It was in 1974 at an arbitration conference-ICCA's sixth International Congress on Commercial Arbitration-that I first heard of an old Mexican curse. When a businessman in Mexico indulges in sharp practice with another, he is told: 'May your life be filled with lawyers'. To common law practitioners these words (in English) sound almost like a blessing. But the truth is that, like all local clichés, it has suffered in the translation. In the original Spanish, the execration is quite uncomplimentary.

International commercial arbitration, in various parts of the civil law and common law world, has often been 'filled with lawyers' in the Mexican sense! And sometimes (and in some places) lawyers have nearly succeeded in making a mess of it! But not Robert Briner, a civil lawyer par excellence. He has ennobled the legal profession, not by precept but by example. Since he assumed the stewardship of the ICC International Court of Arbitration he has 'filled the unforgiving minute with sixty seconds' worth of distance run', travelling far and wide to spread the gospel of ICC arbitration: truly, Kipling's hero. 1

A common lawyer's view of civil law

It might be thought pretentious for someone whose background is the common law to write about civil lawyers. I can hardly put it more elegantly (or eloquently) than the great American common lawyer and jurist (Dean) Roscoe Pound when, in an address to the third International Congress of Comparative Law in London, he said: [Page549:]

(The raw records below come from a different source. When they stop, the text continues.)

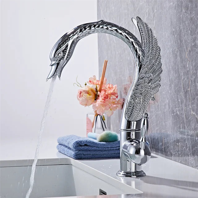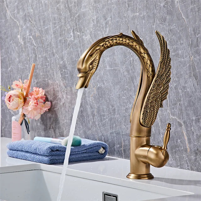 Antique Swan Bathroom Faucet Basin Faucet Mixer Tap Waterfall Faucet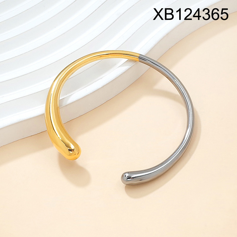 Level B Stainless Steel New Trendy Women Jewelry Two Tone Open Bangle;Bangle size can be adjusted freely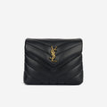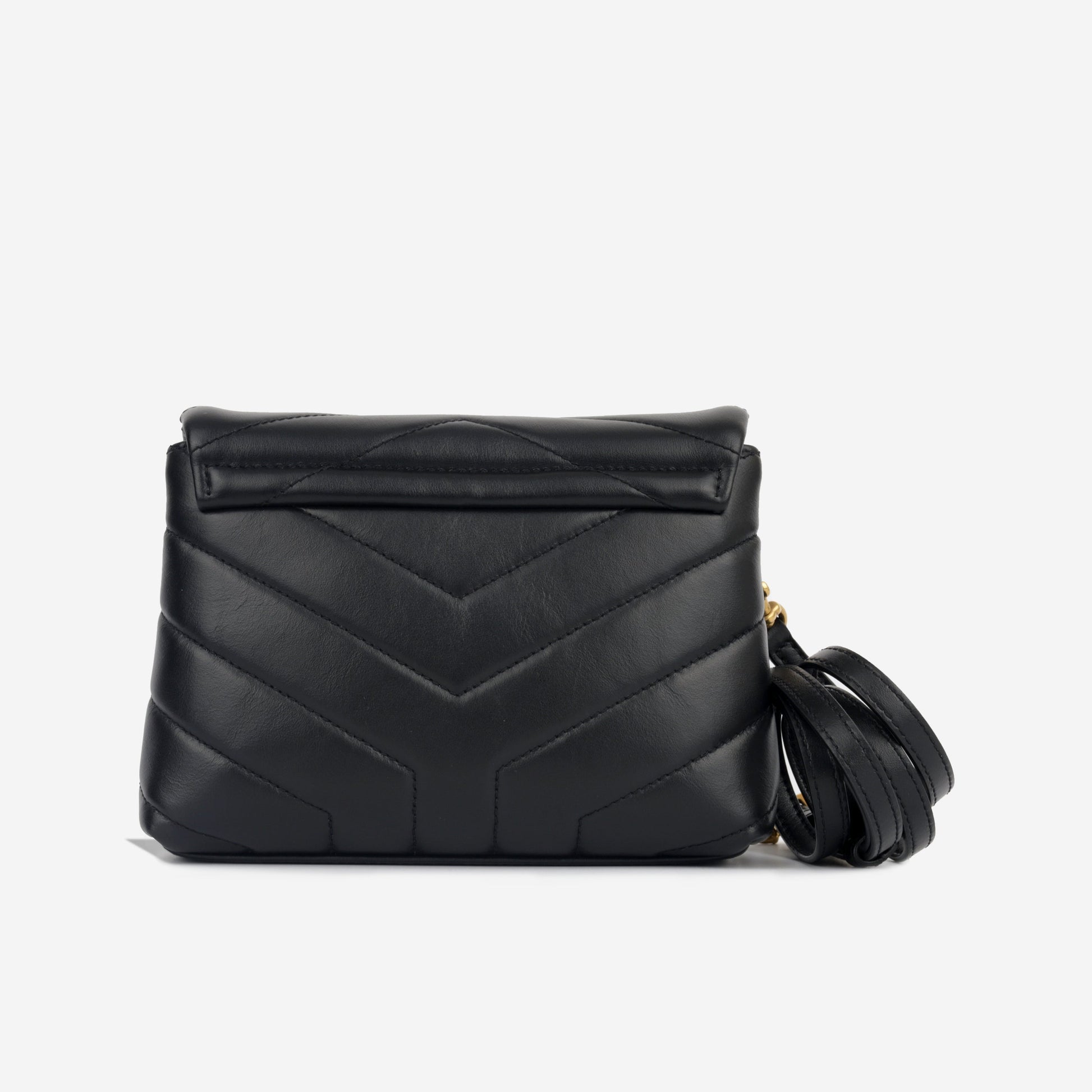 Introducing Saint Laurent's iconic Lou Toy bag – the ideal accessory for the modern, on-the-go woman with a penchant for luxury. Meticulously crafted in smooth black matelassé leather and paired with sleek gold hardware, the Lou perfectly encapsulates the brand's edgy-glam aesthetic. Beyond its stylish allure, this bag is designed to be both practical and chic, making it a must-have for those who appreciate the blend of sophistication and functionality.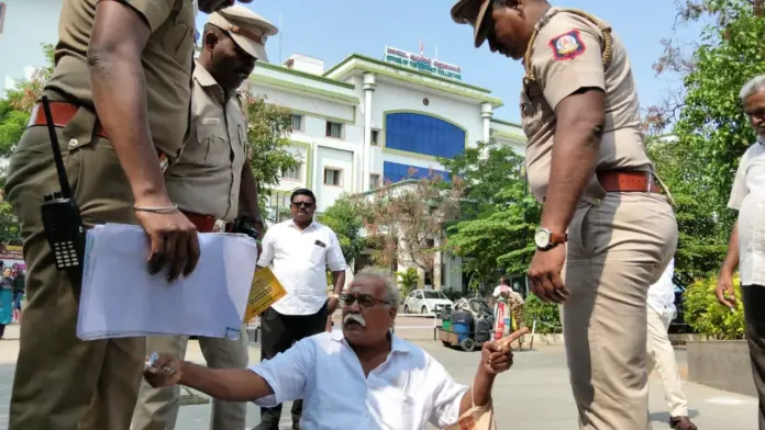 காவல்துறையினர் அவரிடம் சமாதான பேச்சுவார்த்தை நடத்தி மாவட்ட ஆட்சியரிடம் மனு அளிக்கும்படி வலியுறுத்திய பொழுதிலும் அவர் எழுந்திருக்காமல் இருந்ததால் காவல்துறையினர் அவரை வலுக்கட்டாயமாக எழ செய்தனர். இருப்பினும் அவர் வர மறுத்து காவல்துறையிடம் வாக்குவாதத்தில் ஈடுபட்டார்.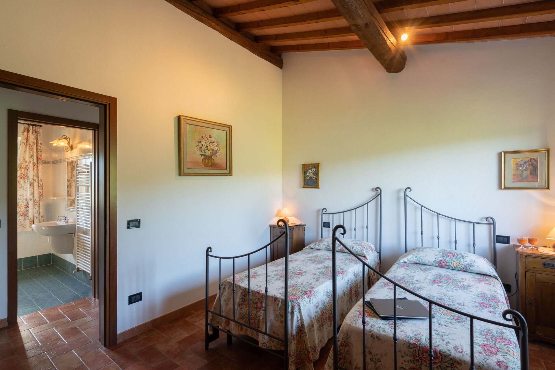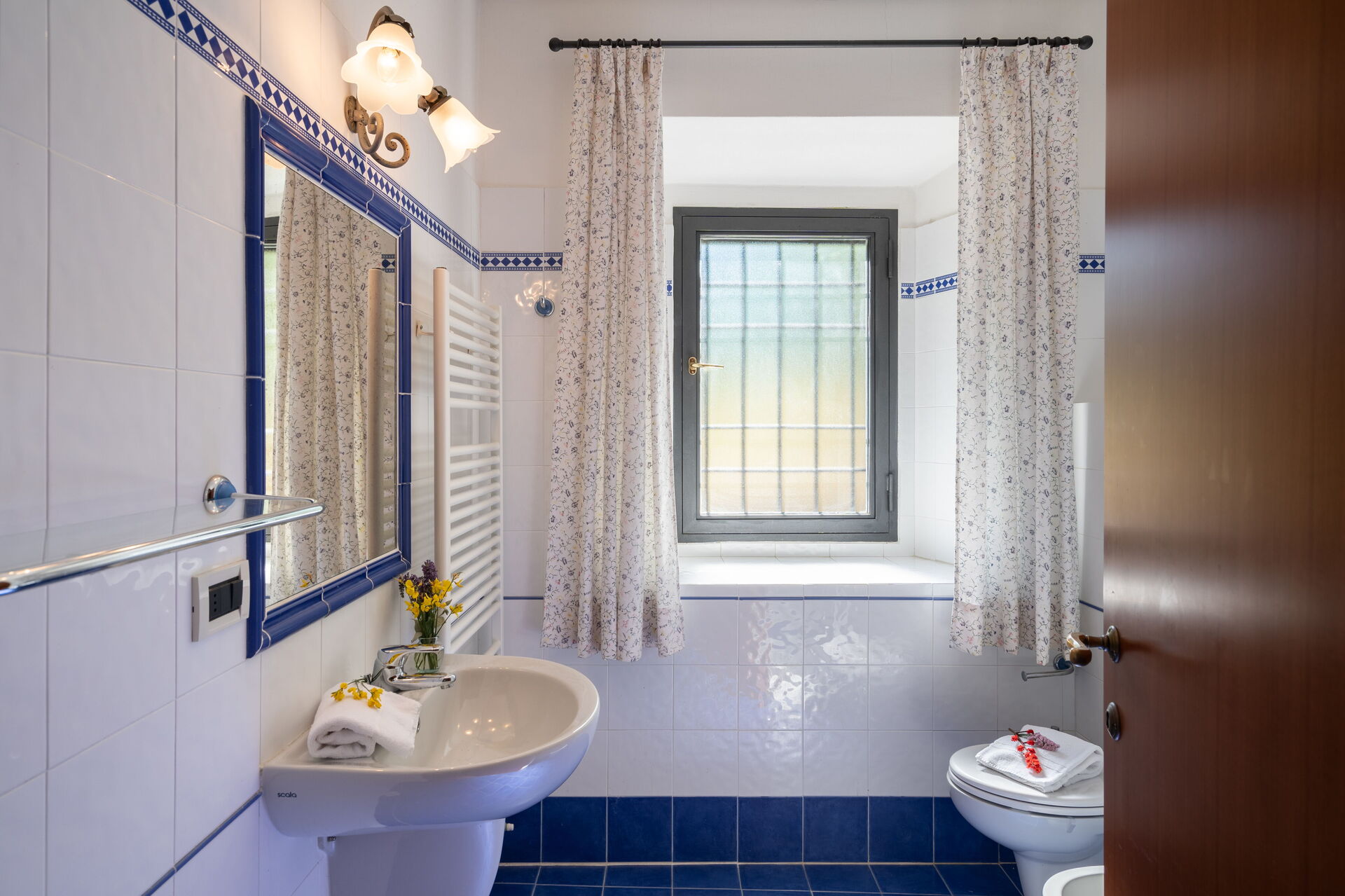 On the first floor: 3 double bedrooms, one of them with ensuite bathroom with shower (toilet / bidet); 3 bedrooms with two single beds each, one of them with ensuite bathroom with shower (toilet / bidet); 2 bathrooms with shower (toilet / bidet); washing machine available.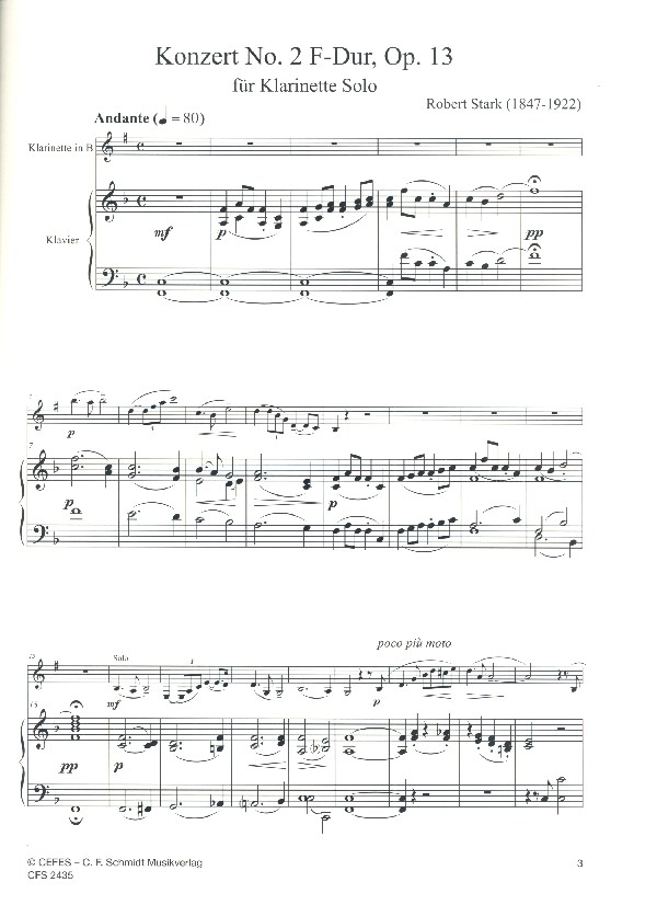 | Konzert F-Dur Nr.2 op.13 für Klarinette und Orchester für Klarinette und Klavier | |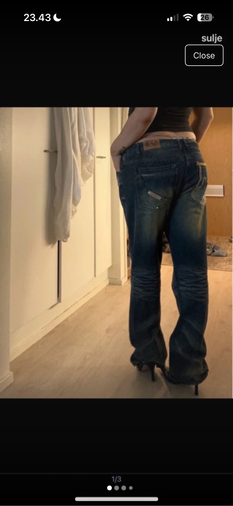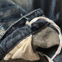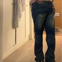 W34 kokoiset farkut. Farkkuihin on tehty itse tuollainen kiristysnauha, sen saa pois halutessaan. Farkkujen valmistaminen lopetettu. Vyötärönympärys 92cm ja pituus 109cm.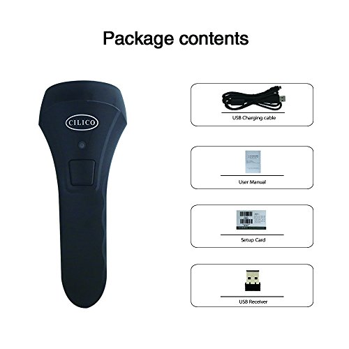 Cilico Wireless UPC Barcode Scanner, Portable USB 1D Laser Barcode Reader with USB receiver for Store,Supermarket,Warehouse (Black)

Continental law is characteristically administrative. The judges have no special prestige. In the Continental equivalents of Who's Who one will scarcely ever find the name of a judge. Again, the Anglo-American common law is a law of the Courts. Its oracles are judges. It was taught in the Inns of Court, societies of lawyers, by practising lawyers and was developed in the Courts. The Continental law is a law of the universities. Its oracles are professors. It has been taught and developed in the universities from the Middle Ages. In consequence, the common law is little systematised. Principles are cautiously and tentatively derived from details. On the other hand, Continental law is highly systematised. Details are subordinated to broad principles. 2

The real difference between civil law and common law, however, relates not to substance but to method: it lies in the field of procedure and, to some extent, the personnel by whom justice is administered. In common law countries, adversary procedure is still followed fairly consistently in both civil and criminal cases. In civil law countries, witnesses are generally examined by the presiding judge, who also has the power to expedite the case and, when thought necessary, to influence the parties' conduct of the case. Of course, the main difference between the two great systems lies in the way in which the norms of the law are articulated and new rules derived from older ones in novel cases. Although law cannot remain static, the change must be orderly and gradual so as not to interrupt the continuity and stability of life. In the common law, this role of adapting the law to changing conditions has traditionally been the task of the judges. In civil law countries the task is performed by university professors, since the multiplicity of courts has prevented the leading role being assumed by judges.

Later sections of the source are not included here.